E.T.A. Hoffman, in 1810, identified Haydn, Mozart, and Beethoven as "romantic" composers.

"Mozart and Haydn, the creators of modern instrumental music, first showed us the art in its full glory; but the one who regarded it with total devotion and penetrated to its innermost nature is Beethoven. The instrumental compositions of all three masters breathe the same romantic spirit for the very reason that they all intimately grasp the essential nature of the art; yet the character of their compositions is markedly different...

Haydn romantically apprehends the humanity in human life; he is more congenial, more comprehensible to the majority.

Mozart takes more as his province the superhuman, magical quality residing in the inner self.

Beethoven's music sets in motion the machinery of awe, of fear, of terror, of pain, and awakens that infinite yearning which is the essence of romanticism. He is therefore a purely romantic composer."

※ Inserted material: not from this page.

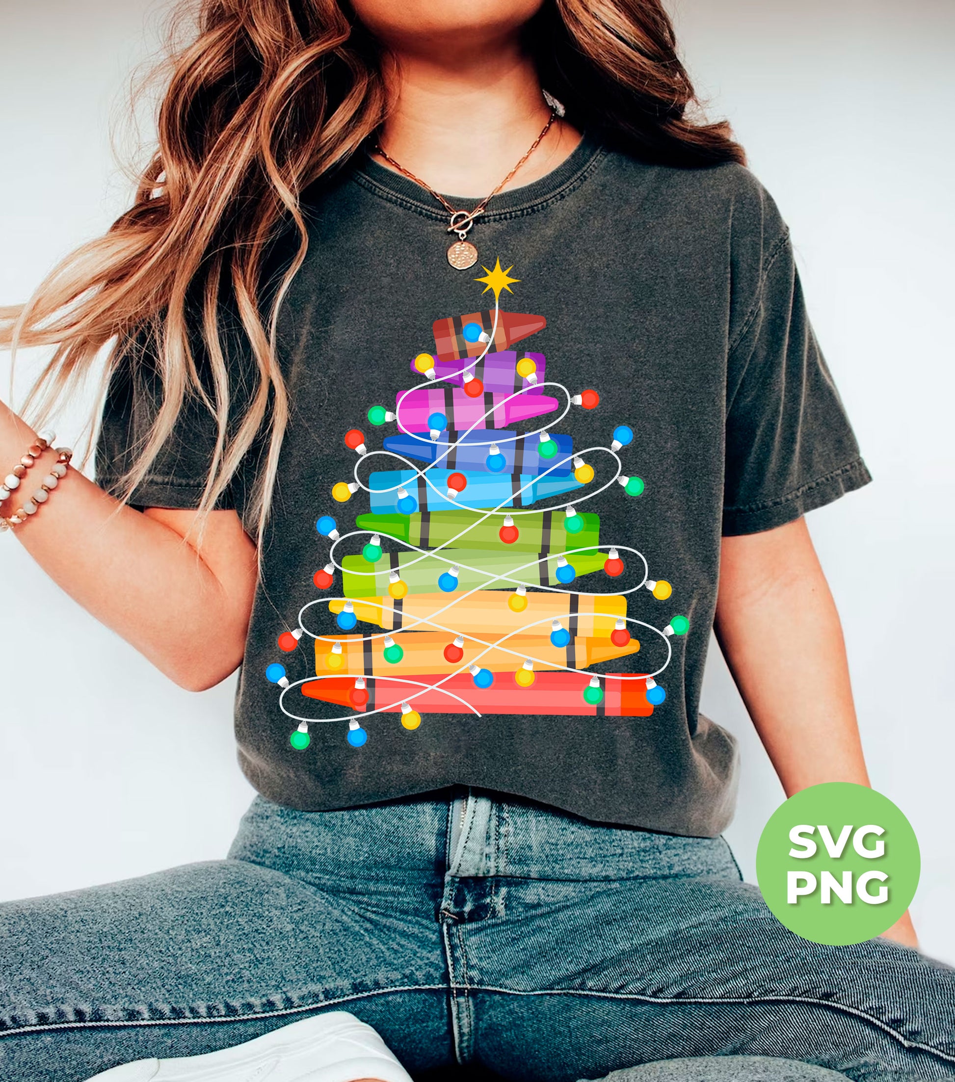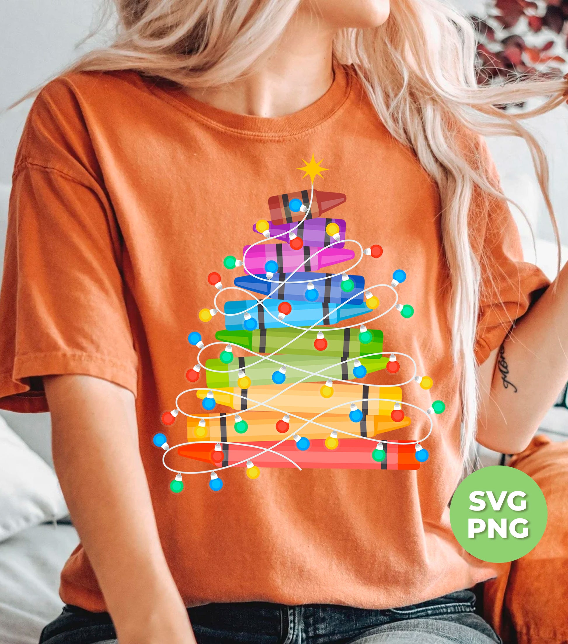 Crayon Xmas Tree, Xmas Tree Made From Crayon, Xmas Lights, Digital Files, Png Sublimation
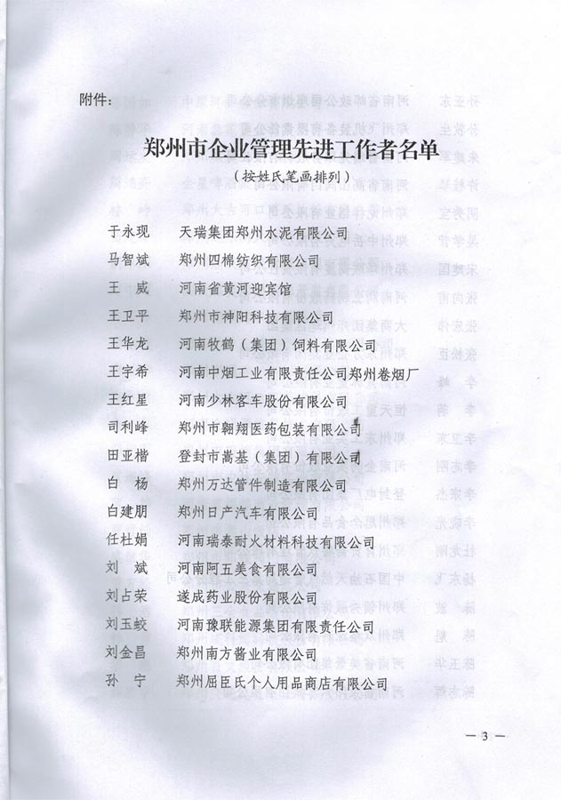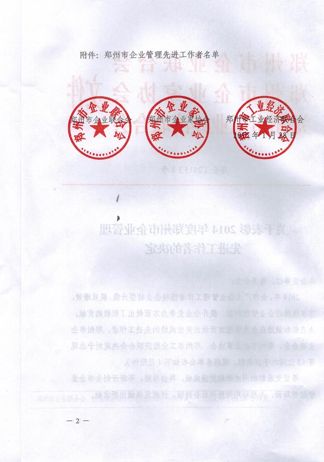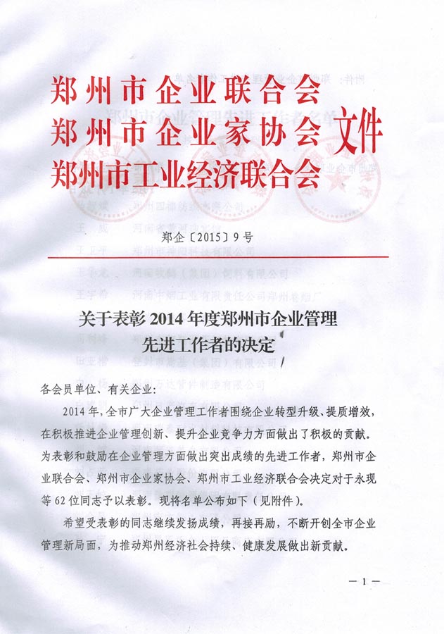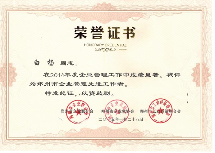 熱烈祝賀我公司白楊同志獲得鄭州市企業管理先進工作者稱號

A more complete version here:

https://sites.google.com/site/kenocstuff/eta-hoffman-on-beethoven


----------



## PetrB (Feb 28, 2012)

KenOC said:


> E.T.A. Hoffman, in 1810, identified Haydn, Mozart, and Beethoven as "romantic" composers.
> 
> "Mozart and Haydn, the creators of modern instrumental music, first showed us the art in its full glory; but the one who regarded it with total devotion and penetrated to its innermost nature is Beethoven. The instrumental compositions of all three masters breathe the same romantic spirit for the very reason that they all intimately grasp the essential nature of the art; yet the character of their compositions is markedly different...
> 
> ...


All that recognized, but a pity the later guys who set up the brackets tended to go for the more tangible evidence of harmonic procedures and forms, which leaves Mozart and Beethoven completely in the classical bracket -- those 'emotive' qualities they manifested being _precursors_ of the era designated as the Romantic.


----------



## ethanjamesescano (Aug 29, 2012)

I was deconstructing the word romantic, not the music of it.
can someone please help me on how to edit a thread, so everyone would know this statement


----------



## Taggart (Feb 14, 2013)

ethanjamesescano said:


> I was deconstructing the word romantic, not the music of it.
> can someone please help me on how to edit a thread, so everyone would know this statement


There is a time limit on this. The FAQ's refere to the generic vBulletin software so simply say:



> If you have registered and are logged in, you may be able to edit and delete your posts (although the administrator may have turned off this option). Your ability to edit your posts may be time-limited, depending on how the administrator has set up the forum.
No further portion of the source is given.